* What this task involves *
Return the lines that run from the beginning of the entries to the line holding "Miss Lola Katheryn", inclusive, and drop the pictures.

* Source material *
==*==

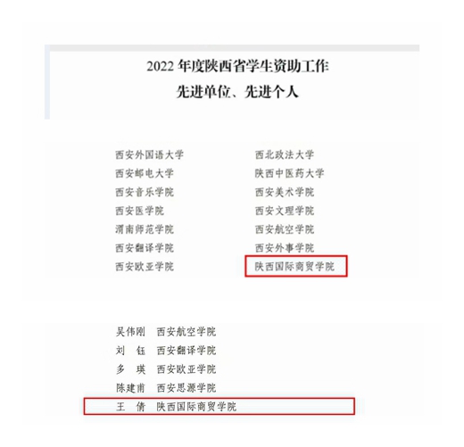 本网讯:近日,中共陕西省委教育工作委员会发布《中共陕西省委教育工委 陕西省教育厅关于2022年度全省教育系统综合表彰的通报》,我校被评为陕西省学生资助工作先进单位,王倩同志被评为陕西省学生资助工作先进个人。 近年来,我校深入贯彻落实习近平新时代中国特色社会主义思想,全面贯彻党的教育方针,落实立德树人根本任务,营造全方位、全过程和全员育人的氛围,推动学校资助工作转型,学校创新思路构建“365”资助育人...
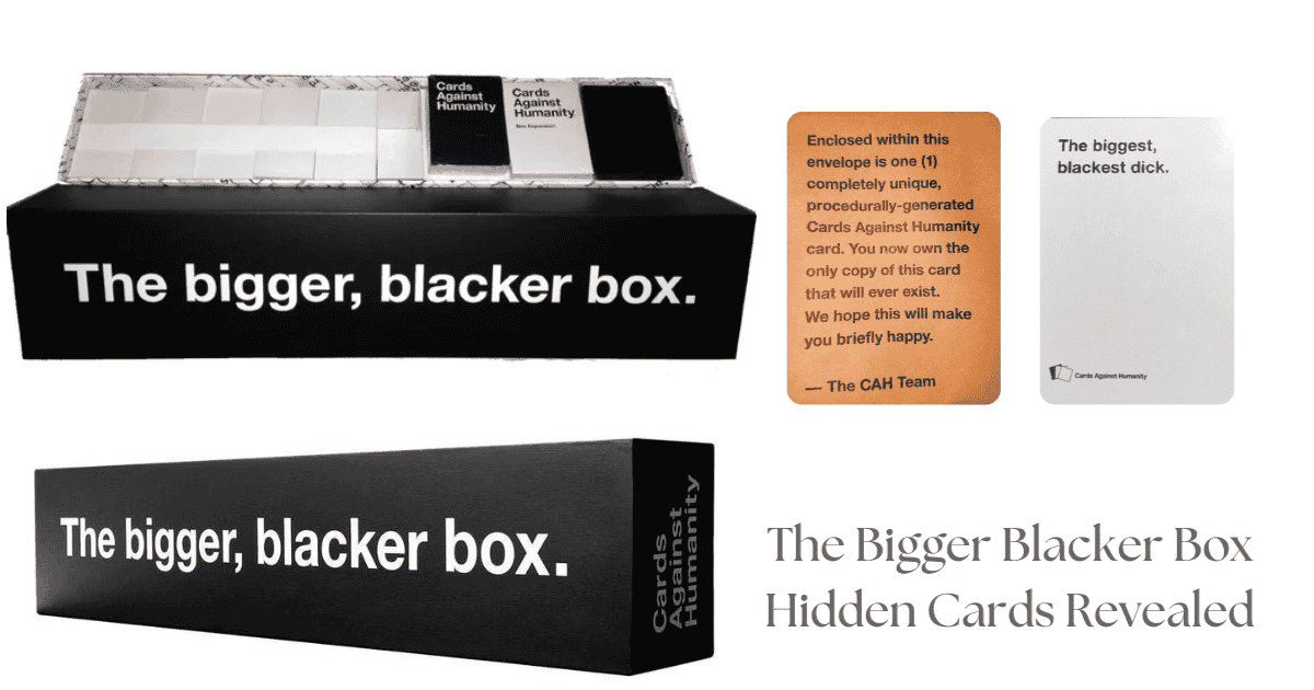 - The Bigger Blacker Box (BBB) was released first in 2013 by Cards Against Humanity, but it’s a discontinued product now.
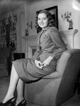 Miss Lola Katheryn Thompson is a Fort Worth, Texas debutante. She is the daughter of Mr. and Mrs. James M. Thompson. Miss Thompson is shown sitting on the arm of a chair inside her living room. She is wearing a button-up blouse, skirt, and a belt. There is a fireplace in the background. Published in the Fort Worth Star-Telegram morning edition, November 10, 1946.
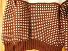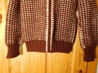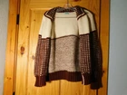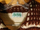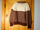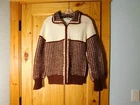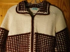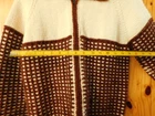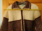 Very nice vintage sweater. The tag reads made with love by grandma. I believe it to be handmade and knit. It is off white with brown and has a unique square pattern knitted onto it. The sweater is heavy duty and thick, and the material feels a little rough like it has some wool in it. It fits a size small woman (105 lb) perfectly and I have included measurements in the pictures. There is a loose thread near the top and is pictured up close. Please see all pics for full condition. Thank you for looking.
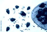 .Scattered strawberries with oatmeal ganuls on a white plate next to a cutting board.

==*==

* Answer space *
 本网讯:近日,中共陕西省委教育工作委员会发布《中共陕西省委教育工委 陕西省教育厅关于2022年度全省教育系统综合表彰的通报》,我校被评为陕西省学生资助工作先进单位,王倩同志被评为陕西省学生资助工作先进个人。 近年来,我校深入贯彻落实习近平新时代中国特色社会主义思想,全面贯彻党的教育方针,落实立德树人根本任务,营造全方位、全过程和全员育人的氛围,推动学校资助工作转型,学校创新思路构建“365”资助育人...
 - The Bigger Blacker Box (BBB) was released first in 2013 by Cards Against Humanity, but it’s a discontinued product now.
 Miss Lola Katheryn Thompson is a Fort Worth, Texas debutante. She is the daughter of Mr. and Mrs. James M. Thompson. Miss Thompson is shown sitting on the arm of a chair inside her living room. She is wearing a button-up blouse, skirt, and a belt. There is a fireplace in the background. Published in the Fort Worth Star-Telegram morning edition, November 10, 1946.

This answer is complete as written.